**SOURCE MATERIAL:**
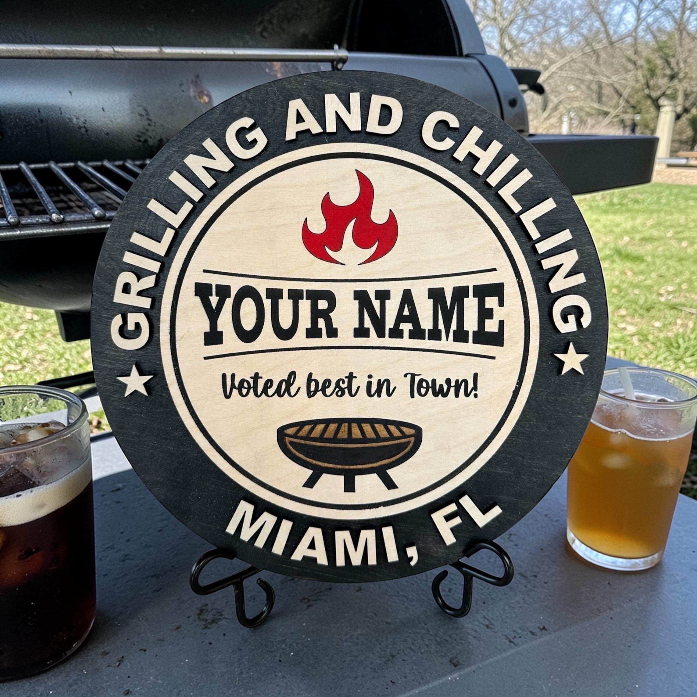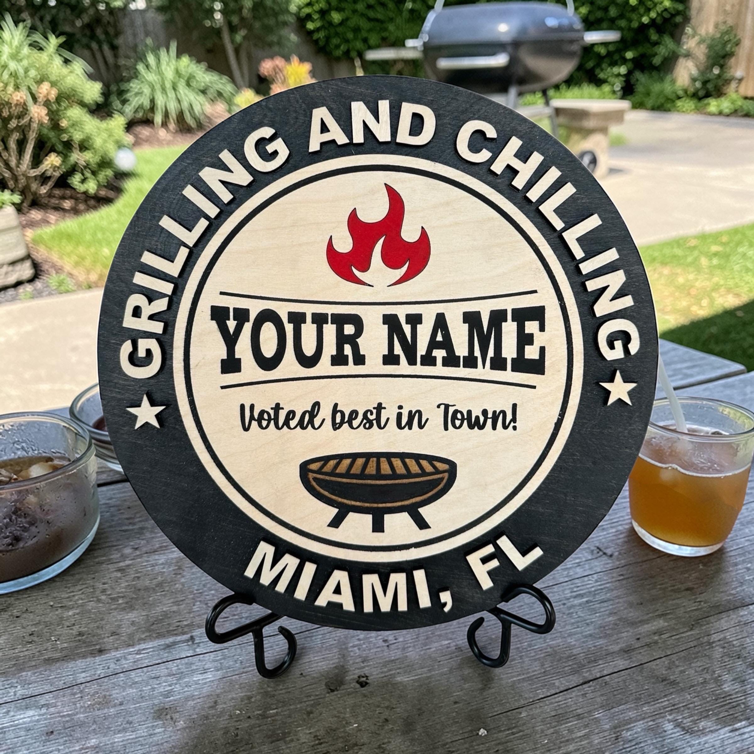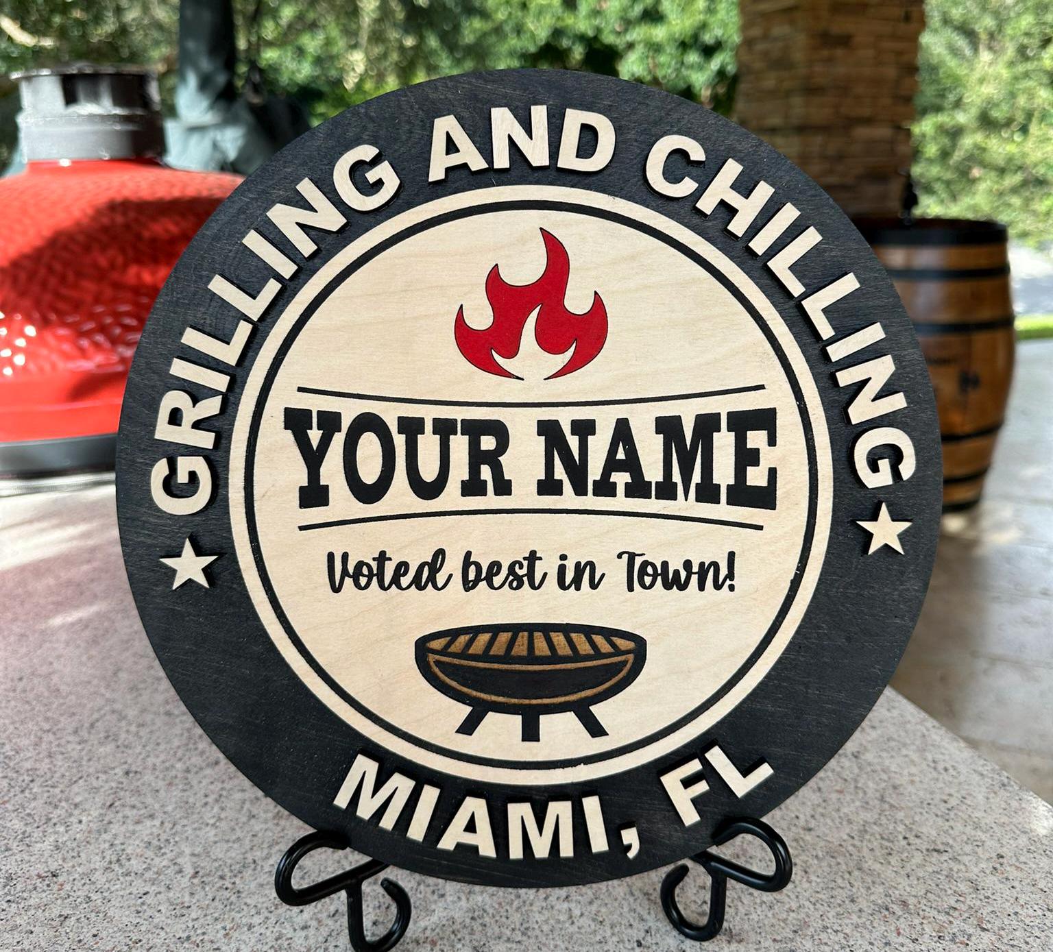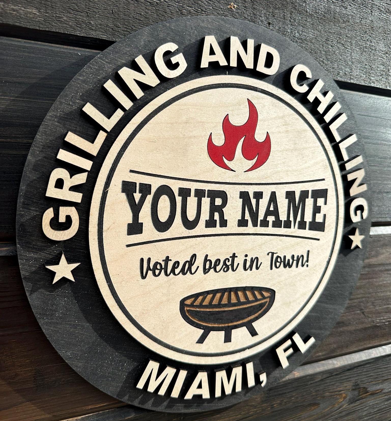 Personalized "Grilling and Chilling" BBQ Wooden Sign, Custom Grill Decor
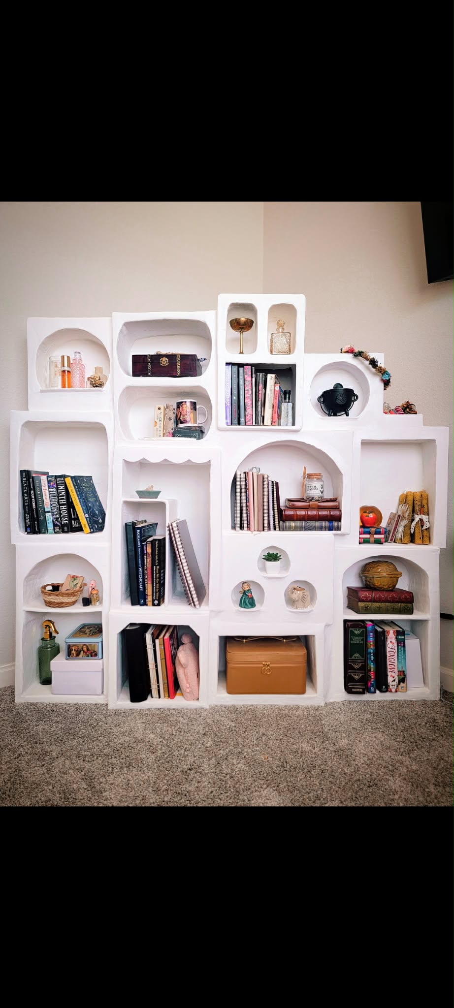 This sculptural shelving piece was constructed from repurposed cardboard and finished with layers of joint compound to create a solid, architectural surface. The design features a series of asymmetrical niches and curved openings, blending functional storage with a playful, hand-built aesthetic. By transforming humble, lightweight materials into a durable decorative structure, the work explores themes of resourcefulness, material illusion, and the creative potential of everyday objects.
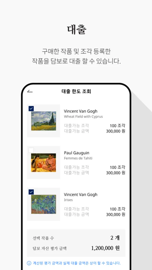 작품 및 조각을 담보로 대출 할수 있습니다.
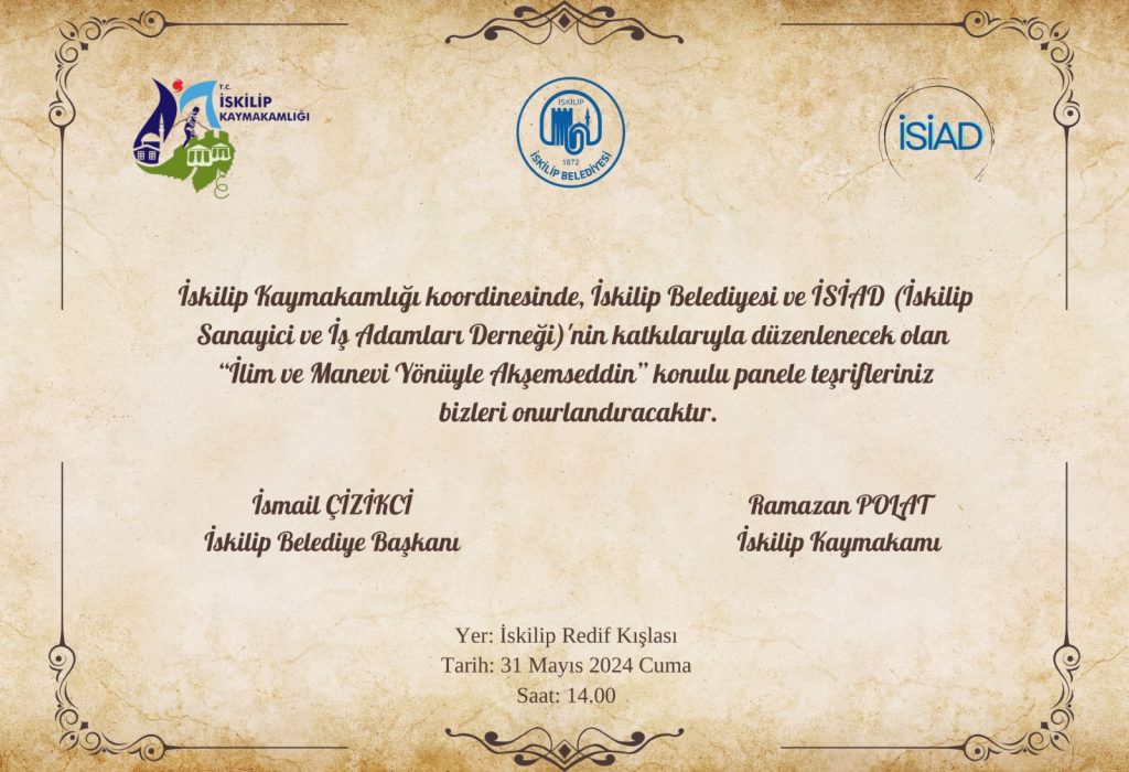 İlim ve Manevi Yönüyle Akşemseddin Paneli’ne tüm halkımız davetlidir!
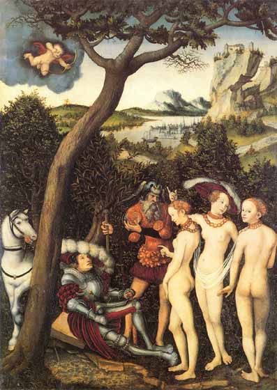 克拉内赫在这幅画中所描绘的与传统画法不一样,他将帕里斯画成一位中世纪的骑士,一个禁欲主义者为美人所动心,中间老者是赫耳墨斯。三位女神在帕里斯面前各显绝技,实际上所描绘的是骑士英雄和妩媚美人,它是中世纪的禁欲主义和文艺复兴人性开放的矛盾反映。
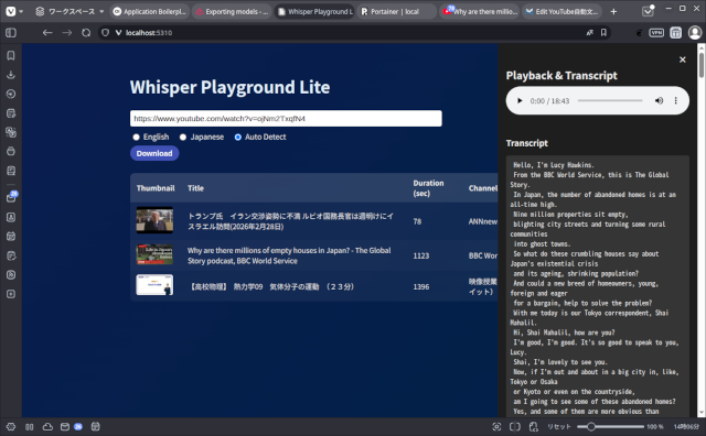 すでにWhisper PlaygroundというYouTube動画から文字起こしするアプリケーションを開発していますが、その軽量版をローカルLLMを助手にして開発していました。
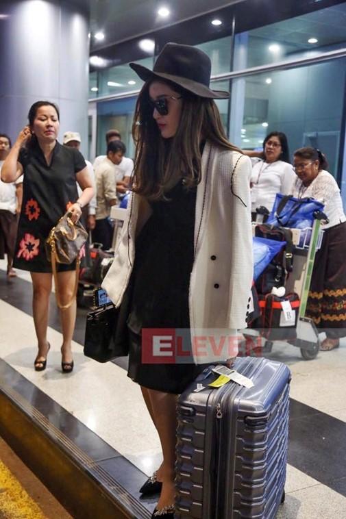 Hình ảnh mẹ Huyền My lẽo đẽo xách vali hành lý theo sau con gái tại sân bay Myanmar.
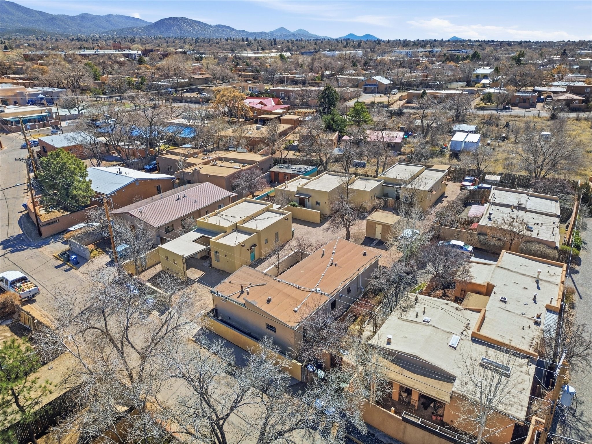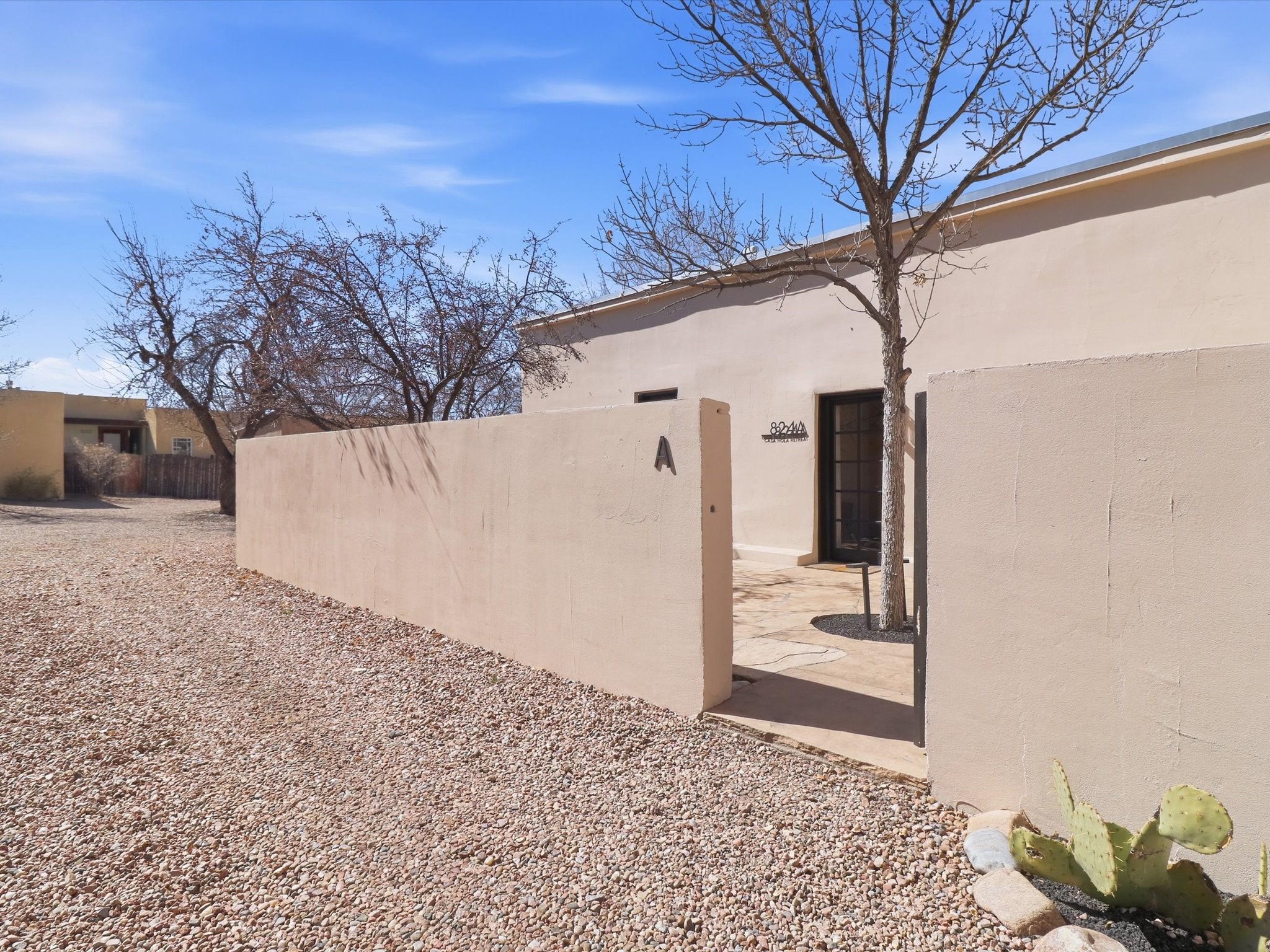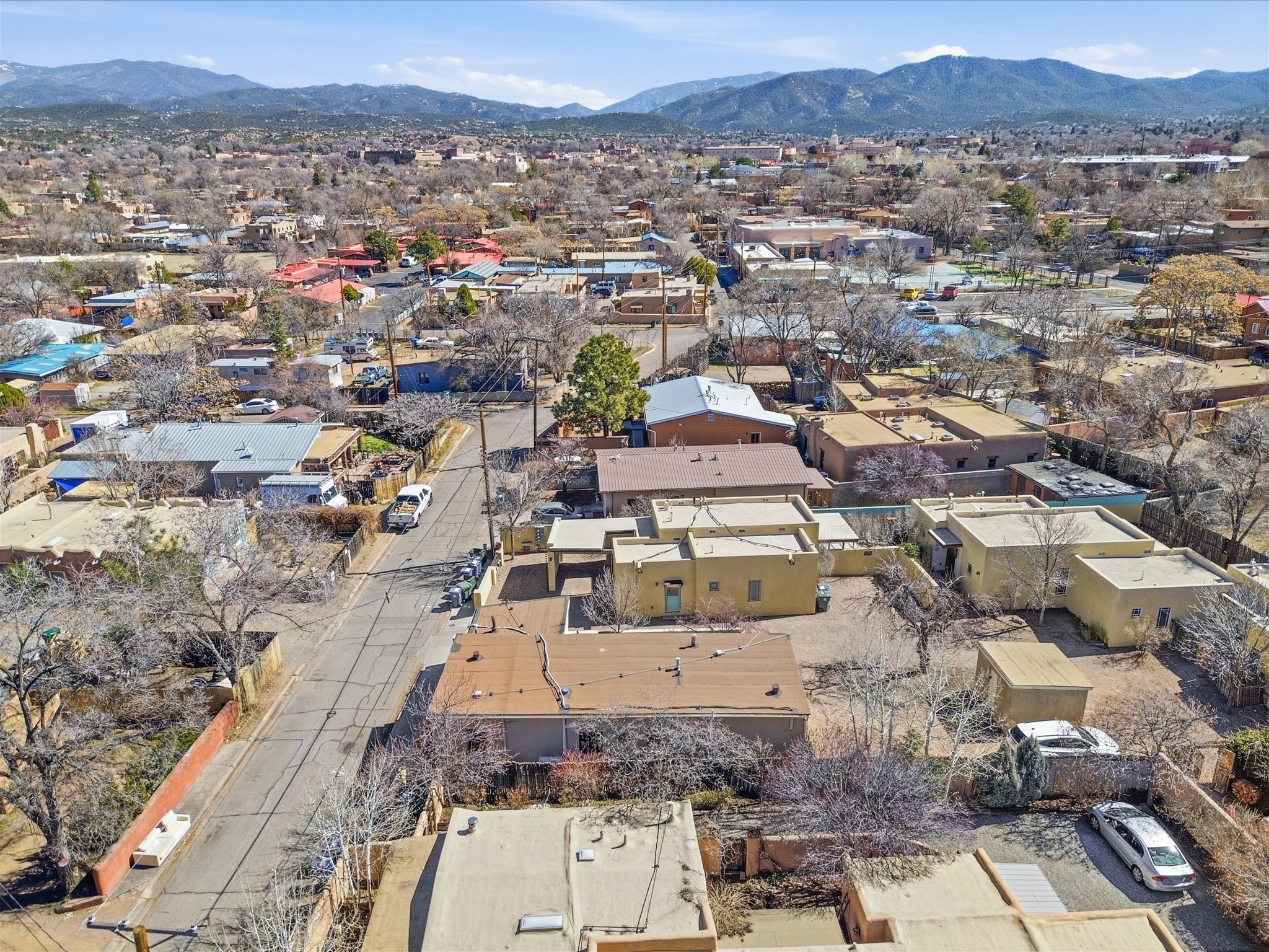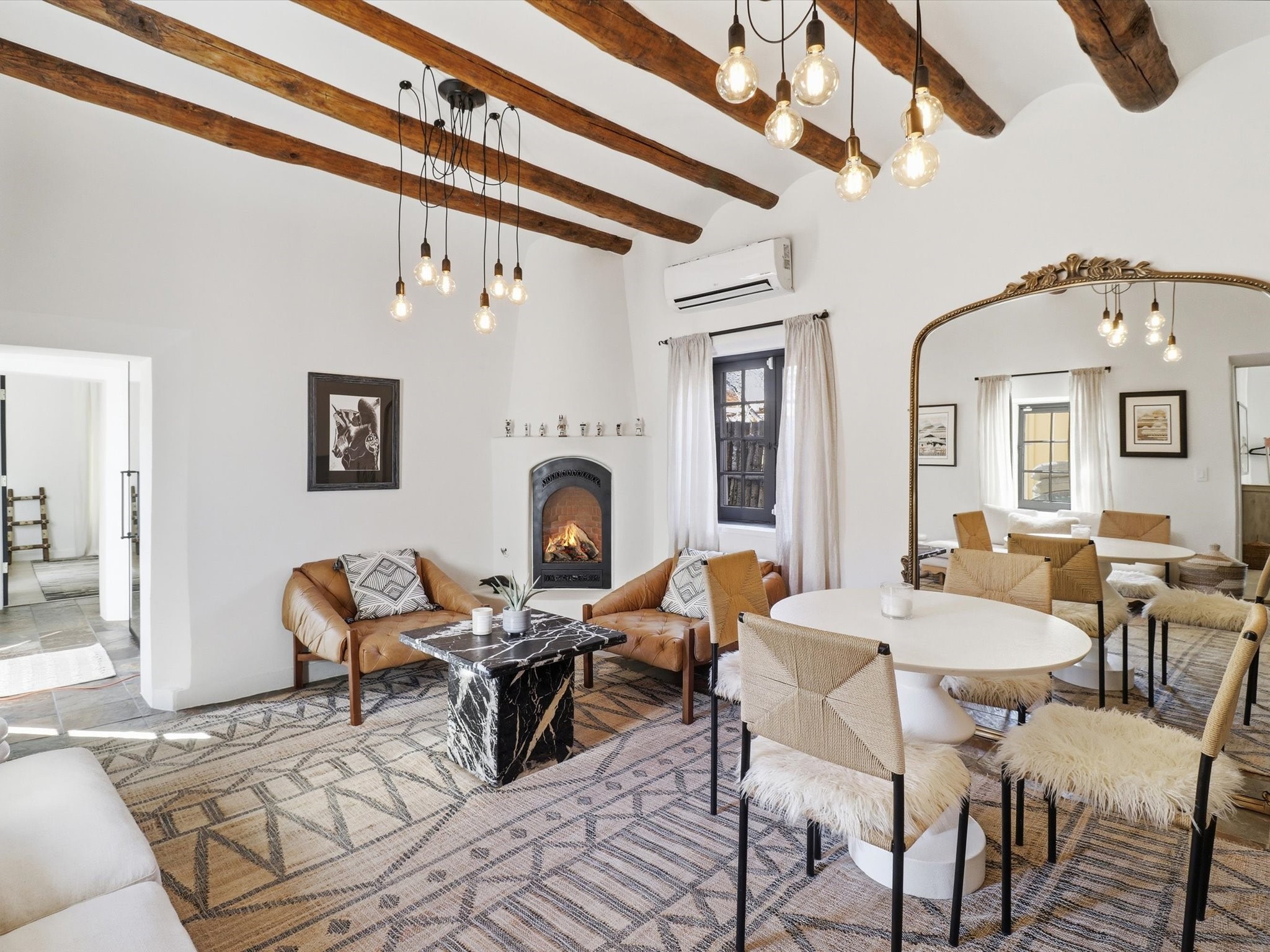 Own a piece of Santa Fe history in this free-standing Pueblo style Adobe. The original building of a charming four-condo enclave. Old world feel with Modern touches includes Coved ceilings, traditional Vigas, and a gas Kiva fireplace defining the living and dining space, complemented by spider chandeliers and modern updates like concrete countertops, hammered copper sink, and wooden floating shelves. White oak floors, plaster walls, and mini-split climate control offer comfort throughout. The bathroom features a mirrored barn door, contemporary vanity, walk-in shower with hand-painted Moroccan-style concrete tiles, and heated floors.Enjoy the walled and gated flagstone courtyard for morning coffee or sunset entertaining. Split floor plan provides bedroom privacy, plus a separate shed beside two assigned parking spaces.A short walk from the Rail yard District with cafs, dining, galleries, farmers market, and live music. Or head into the Historic Santa Fe Plaza. Casa Nola Retreat blends charm with modern living.

**TASK OBJECTIVE:** Copy out the whole listing exactly. Skip its pictures.

**ANSWER TO THE EXERCISE:**
 Personalized "Grilling and Chilling" BBQ Wooden Sign, Custom Grill Decor
 This sculptural shelving piece was constructed from repurposed cardboard and finished with layers of joint compound to create a solid, architectural surface. The design features a series of asymmetrical niches and curved openings, blending functional storage with a playful, hand-built aesthetic. By transforming humble, lightweight materials into a durable decorative structure, the work explores themes of resourcefulness, material illusion, and the creative potential of everyday objects.
 작품 및 조각을 담보로 대출 할수 있습니다.
 İlim ve Manevi Yönüyle Akşemseddin Paneli’ne tüm halkımız davetlidir!
 克拉内赫在这幅画中所描绘的与传统画法不一样,他将帕里斯画成一位中世纪的骑士,一个禁欲主义者为美人所动心,中间老者是赫耳墨斯。三位女神在帕里斯面前各显绝技,实际上所描绘的是骑士英雄和妩媚美人,它是中世纪的禁欲主义和文艺复兴人性开放的矛盾反映。
 すでにWhisper PlaygroundというYouTube動画から文字起こしするアプリケーションを開発していますが、その軽量版をローカルLLMを助手にして開発していました。
 Hình ảnh mẹ Huyền My lẽo đẽo xách vali hành lý theo sau con gái tại sân bay Myanmar.
 Own a piece of Santa Fe history in this free-standing Pueblo style Adobe. The original building of a charming four-condo enclave. Old world feel with Modern touches includes Coved ceilings, traditional Vigas, and a gas Kiva fireplace defining the living and dining space, complemented by spider chandeliers and modern updates like concrete countertops, hammered copper sink, and wooden floating shelves. White oak floors, plaster walls, and mini-split climate control offer comfort throughout. The bathroom features a mirrored barn door, contemporary vanity, walk-in shower with hand-painted Moroccan-style concrete tiles, and heated floors.Enjoy the walled and gated flagstone courtyard for morning coffee or sunset entertaining. Split floor plan provides bedroom privacy, plus a separate shed beside two assigned parking spaces.A short walk from the Rail yard District with cafs, dining, galleries, farmers market, and live music. Or head into the Historic Santa Fe Plaza. Casa Nola Retreat blends charm with modern living.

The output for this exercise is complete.